Staś is a loving father, but not always easy to live with. A dapper ladies’ man fond of dancing, he is rather lacking in domestic skills. His cooking relies mainly on eggs and onions: the latter, so he claims, contain everything necessary to maintain human life – a puzzling statement whose significance emerges much later in the narrative. Officially, he repairs clothes for a living, but has a sideline in bespoke ladies’ coats which have to be delivered on the quiet; private initiative is proscribed under the Communist regime, though others, like the family of Jasio’s friend Wojtek, have the right connections to bribe their way around the rules.
Jasio/Jackie’s boyhood is depicted through the eyes of a sensitive and intelligent child who, while not always understanding the full context, has a strong sense of what is just and unjust, accepted or not accepted. He delights in the sensory magnificence of the Catholic church he attends with kindly Halina, who befriends them when Staś begs her for help with cooking. But he knows this must be kept a secret from his father. Even within the Jewish community, there are insiders and outsiders, those who receive the titular crate of oranges from Israel, and those who don’t.

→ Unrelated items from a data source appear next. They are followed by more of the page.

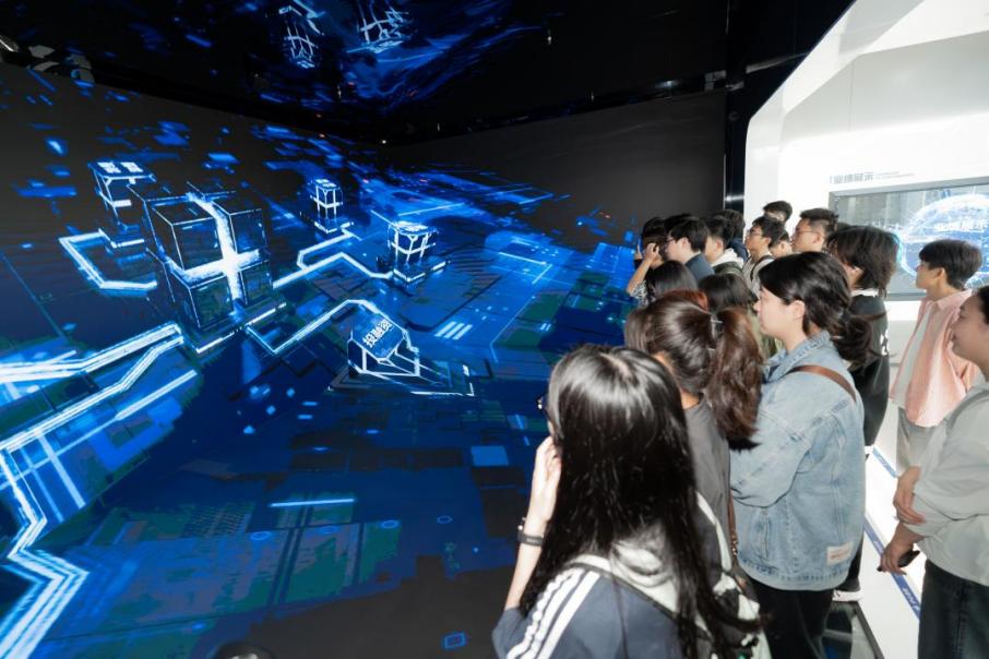 在专业讲解员的引导下,师生团队首先步入精心布置的展厅,为满足深度探究需求,展厅特别设置了智能化交互平台。通过触控操作,师生们既能调取重点项目的三维动画演示,又能查阅企业自主研发的核心技术专利。当指尖划过屏幕,一组组数据图表跃然眼前:从"华龙一号"核电机组的自主创新突破,到"人造太阳"ITER项目的国际合作典范,这些数字背后凝聚着华兴人突破"卡脖子"技术的智慧结晶。
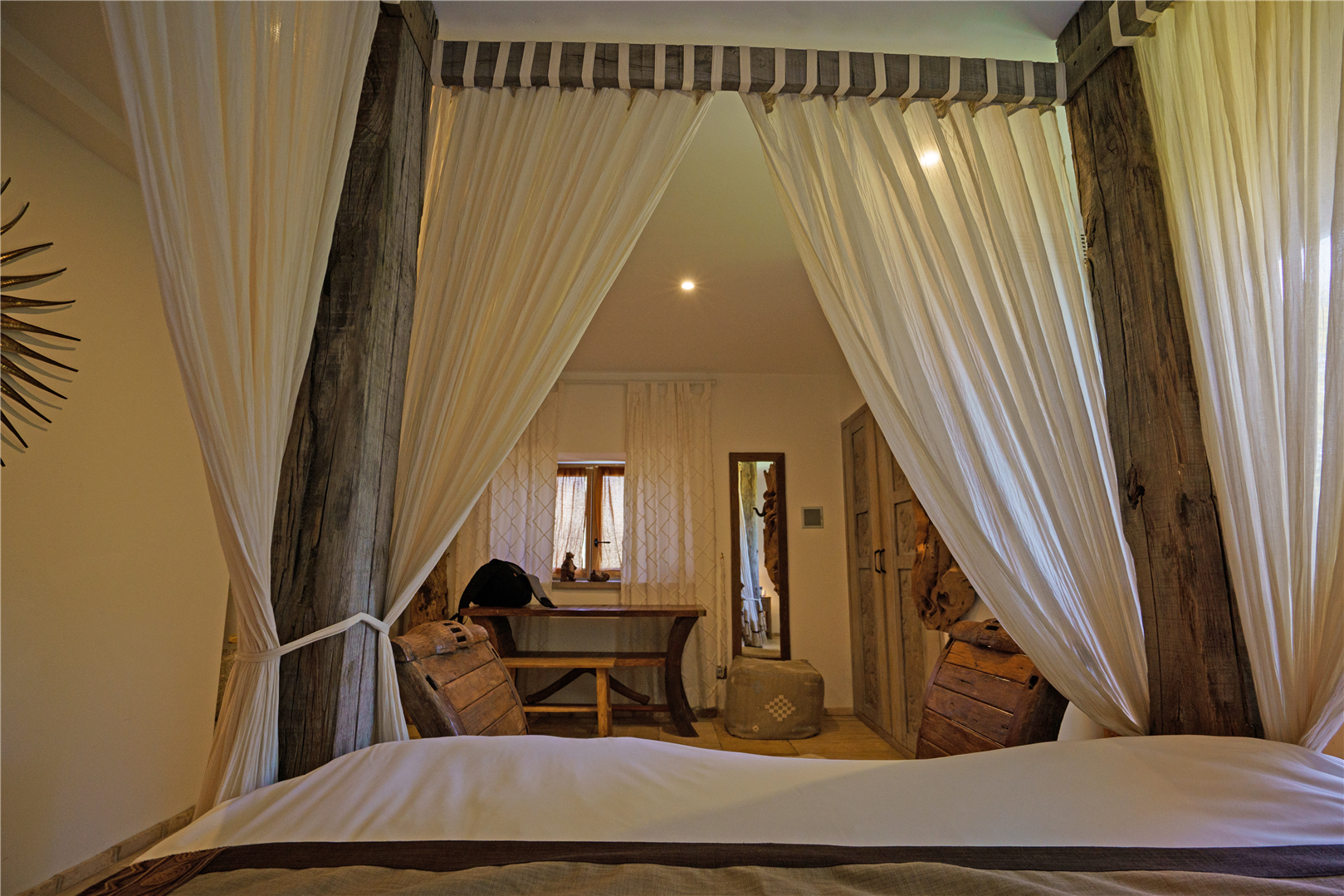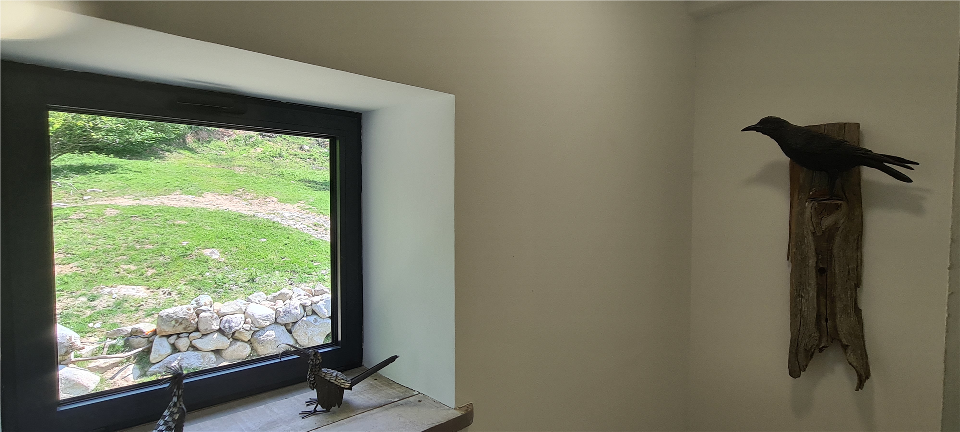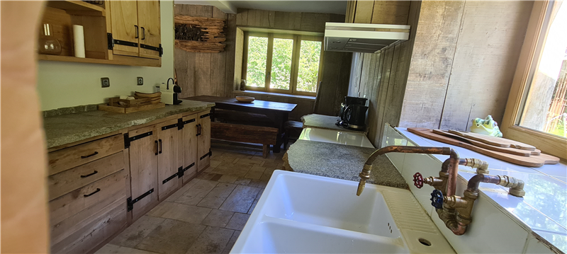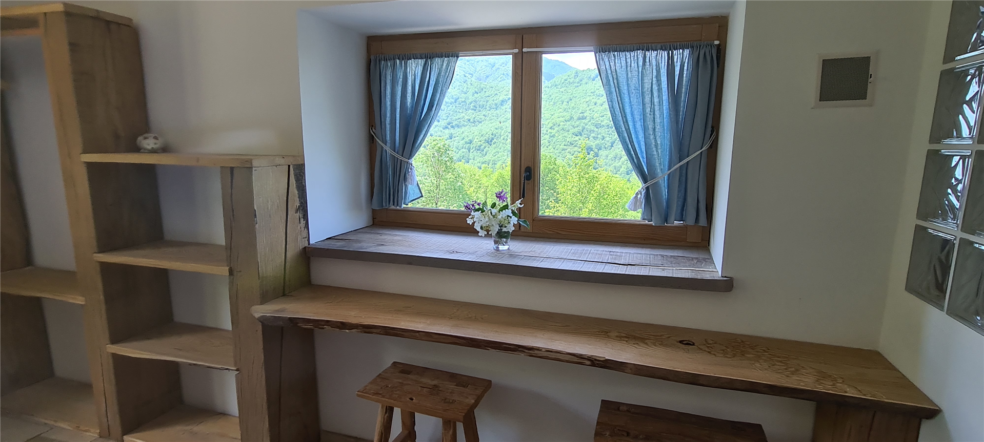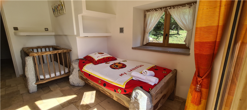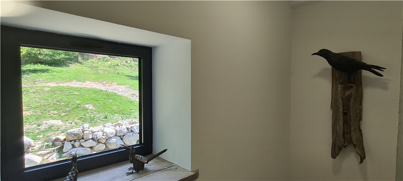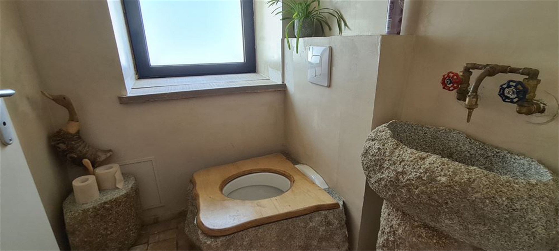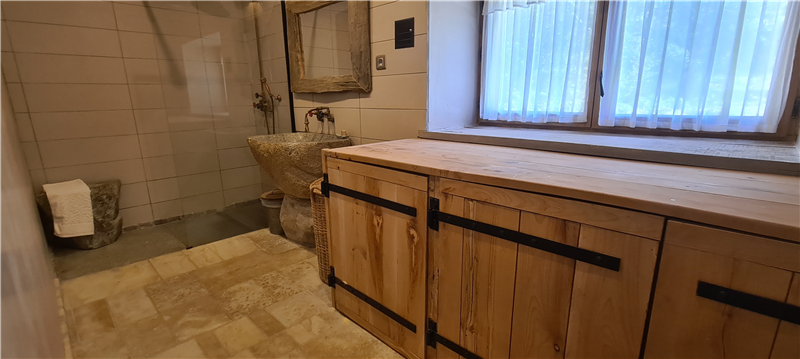 Every room has been imagined and crafted by us. We learned to carve stone and work with wood to build our own beds, armchairs, tables and decorative elements. Some furniture comes from old roof frames, former cow racks or reclaimed barn structures. In the bathrooms, sinks and cabinets are sculpted from granite blocks, making each space truly one of a kind.
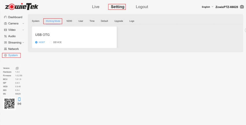 Please log in to the web console interface, click Setting->System->Working Mode, and switch the USB mode.
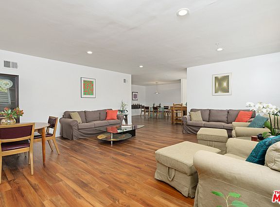 Stunning 4 bed/3.5 bath single level 2500+sf front-facing corner condo updated w/ contemporary clean line finishes in desired architectural 11-unit bldg. Prime location off the Wilshire Corridor, this property feels like your own home w/ no common walls, double-door entry into formal entry, powder room & closet. Open floor plan w/ Southwest exposure & filled w/ natural light. Oversized living rm ideal for entertaining w/ bar area, modern linear gas fireplace, large windows w/ custom shutters & spacious walls for art. Dining room opens to remodeled chef's gourmet open kitchen includes center island breakfast bar & french doors to side patio, ideal for morning coffee. Incredible typhoon Bordeaux granite countertops, 2 pantry closets, stainless steel appliances including Bertazzoni 6-burner range w/ griddle & double ovens, double-sized refrigerator/freezer. Tranquil primary suite overlooking greenery w/ french drs to side sunny patio, walk-in closet & 2nd closet. Updated marble finished primary bathrm w/ dual basins, spa tub & separate shower. 4th bedrm, used as home office/guest rm w/ custom built-ins. 2 bedrooms w/ ensuite updated bathrms. Additional features include contemporary wood-like flooring, full laundry room w/ storage, central ac/heat. 4 secured parking spaces, pets ok. Close to UCLA, Century City Mall. Fairburn Elementary.

After emigration to Sweden, Jasio/Jackie cared for Staś until the latter’s death, qualified as an electrical engineer to honour Staś’s wishes, and rapidly found his métier as a writer – in a language he had only started to learn at eighteen. In her engrossing account of how Jackie Jakubowski grew to maturity under the most trying of circumstances, Lena Einhorn has done full justice to this remarkable man.
En låda apelsiner
Norstedts, 2023. 325 pages.
Foreign rights: Hedlund Literary Agency, Magdalena Hedlund.
Lena Einhorn’s recent works include the historical novel Geniet från Breslau (The Genius from Breslau, 2018), reviewed in SBR 2019:1; A Shift in Time (2016), which examines parallels between the New Testament and contemporaneous texts; and Blekingegatan 23 (2013), a fictionalised account of Greta Garbo’s early life. For full details of Lena Einhorn’s works, see her official website: lenaeinhorn.se/English.
Emilia Degenius’s Åka skridskor i Warszawa (Ersatz, 2014) was reviewed in SBR 2015:1. Maciej Zaremba’s Huset med de två tornen (Weyler 2018), was reviewed in SBR 2019:1.